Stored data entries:
------------------------

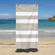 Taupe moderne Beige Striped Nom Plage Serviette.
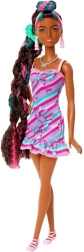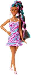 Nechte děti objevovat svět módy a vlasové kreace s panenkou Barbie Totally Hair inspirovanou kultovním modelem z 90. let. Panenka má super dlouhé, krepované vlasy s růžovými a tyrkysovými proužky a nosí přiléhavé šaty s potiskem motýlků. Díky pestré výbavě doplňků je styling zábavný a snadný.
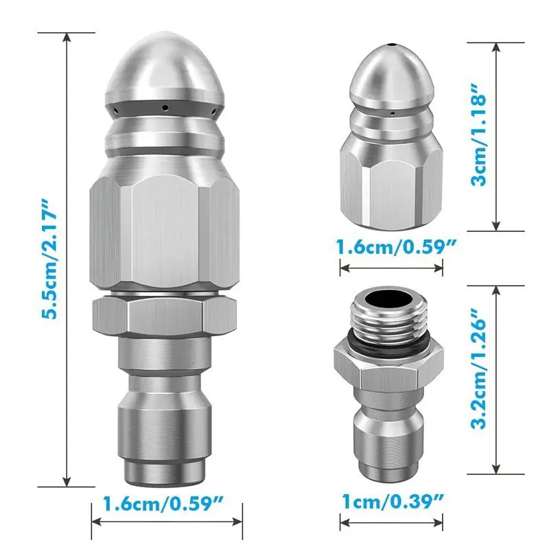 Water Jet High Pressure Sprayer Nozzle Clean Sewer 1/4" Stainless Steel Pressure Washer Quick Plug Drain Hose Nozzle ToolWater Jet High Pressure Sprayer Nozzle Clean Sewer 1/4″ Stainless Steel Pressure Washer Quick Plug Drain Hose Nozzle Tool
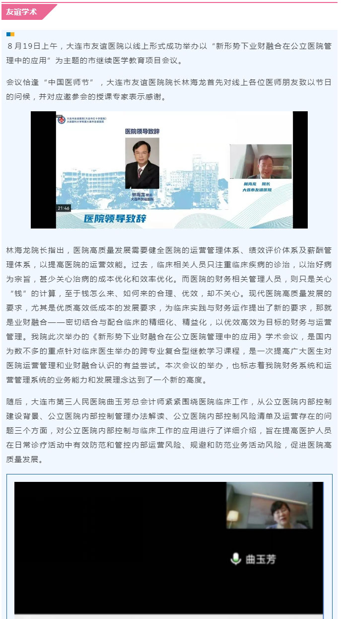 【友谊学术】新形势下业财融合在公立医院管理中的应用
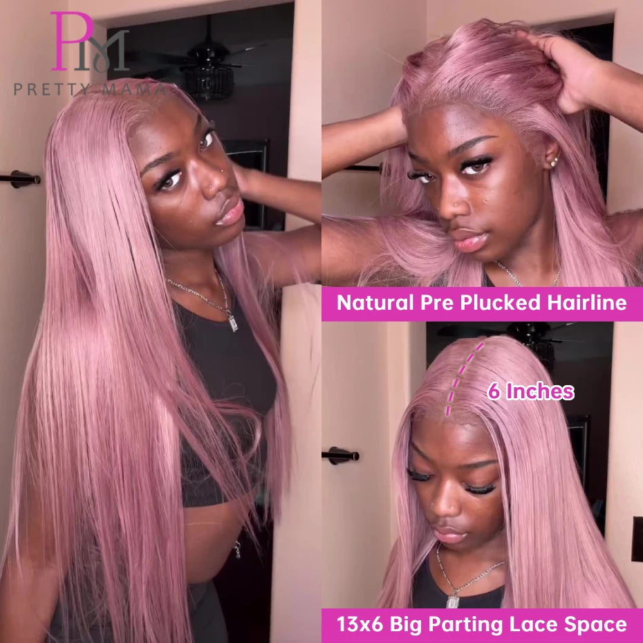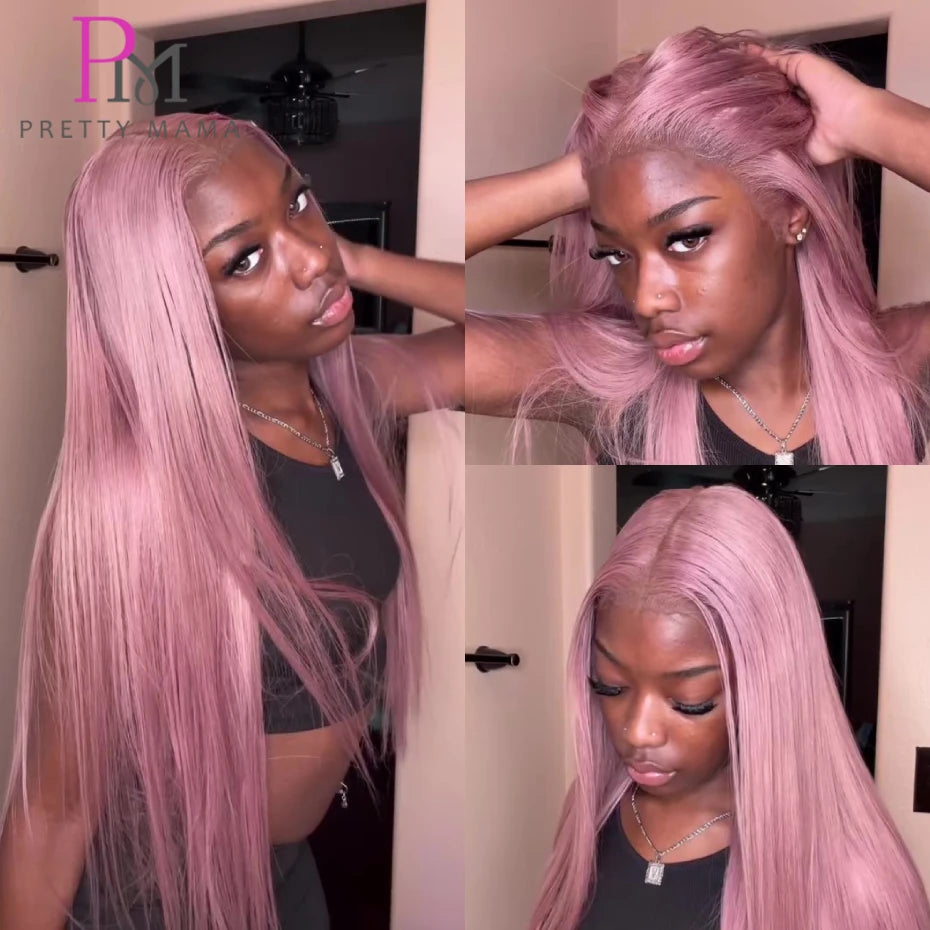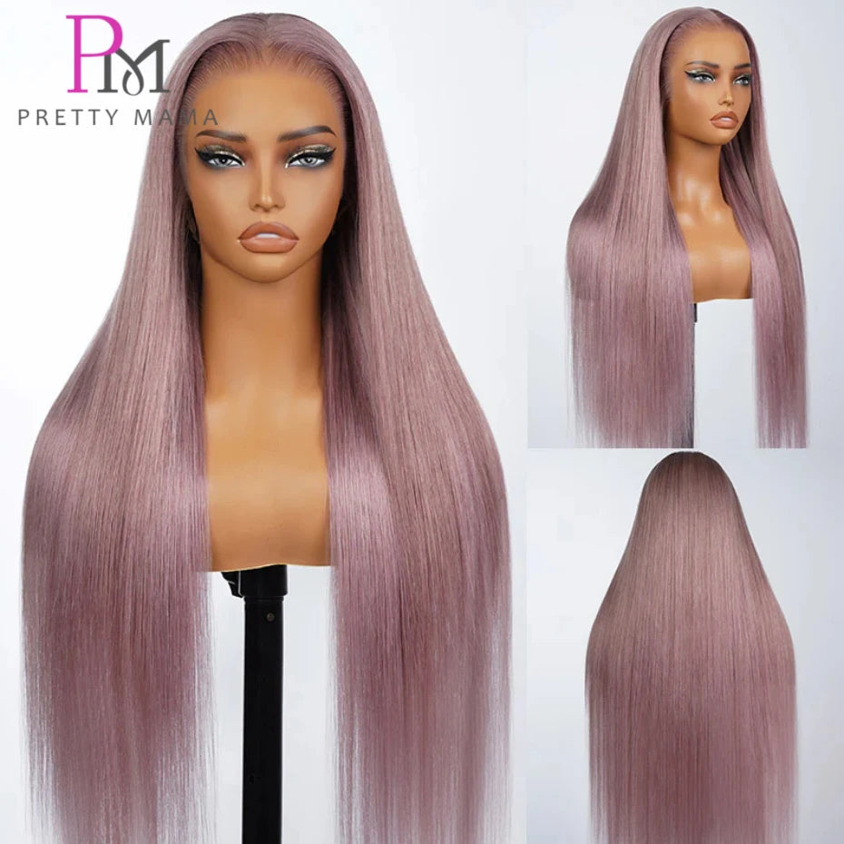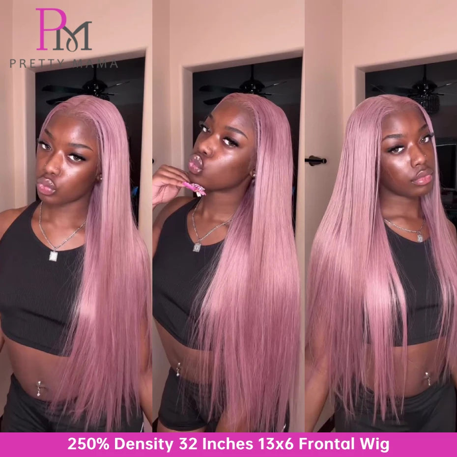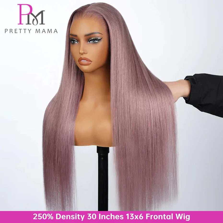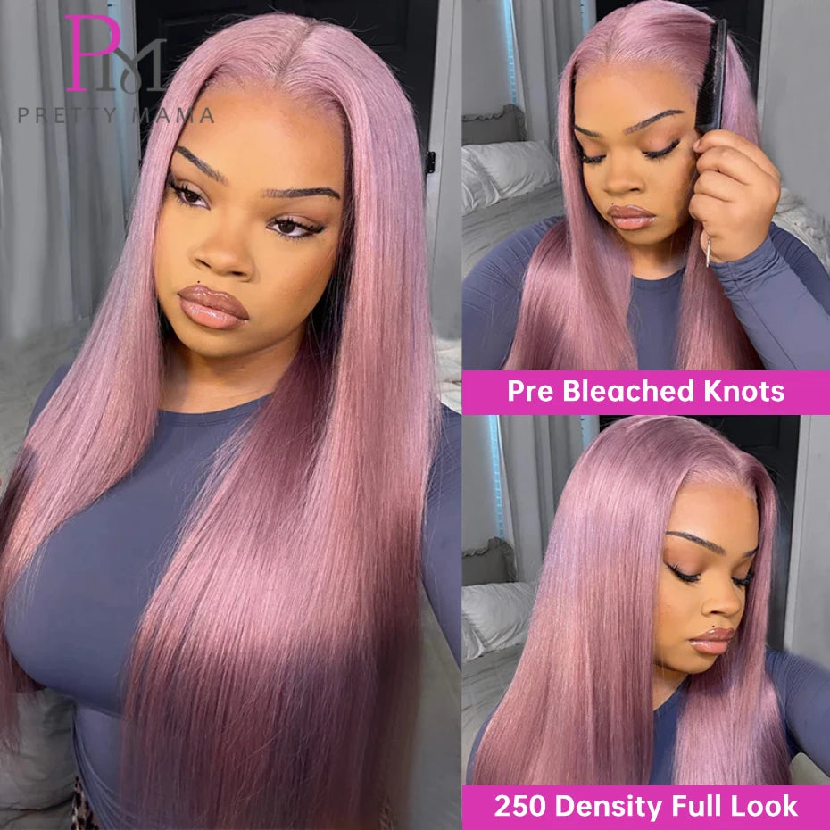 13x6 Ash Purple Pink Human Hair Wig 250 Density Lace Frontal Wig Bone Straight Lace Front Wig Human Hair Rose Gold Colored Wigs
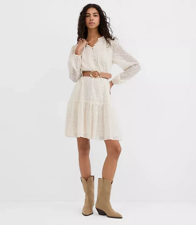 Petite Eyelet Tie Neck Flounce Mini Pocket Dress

------------------------

Directions: Every record, from top to bottom, gets written out exactly; no picture goes into the copy.

Result for this exercise:
 Taupe moderne Beige Striped Nom Plage Serviette.
 Nechte děti objevovat svět módy a vlasové kreace s panenkou Barbie Totally Hair inspirovanou kultovním modelem z 90. let. Panenka má super dlouhé, krepované vlasy s růžovými a tyrkysovými proužky a nosí přiléhavé šaty s potiskem motýlků. Díky pestré výbavě doplňků je styling zábavný a snadný.
 Water Jet High Pressure Sprayer Nozzle Clean Sewer 1/4" Stainless Steel Pressure Washer Quick Plug Drain Hose Nozzle ToolWater Jet High Pressure Sprayer Nozzle Clean Sewer 1/4″ Stainless Steel Pressure Washer Quick Plug Drain Hose Nozzle Tool
 【友谊学术】新形势下业财融合在公立医院管理中的应用
 13x6 Ash Purple Pink Human Hair Wig 250 Density Lace Frontal Wig Bone Straight Lace Front Wig Human Hair Rose Gold Colored Wigs
 Petite Eyelet Tie Neck Flounce Mini Pocket Dress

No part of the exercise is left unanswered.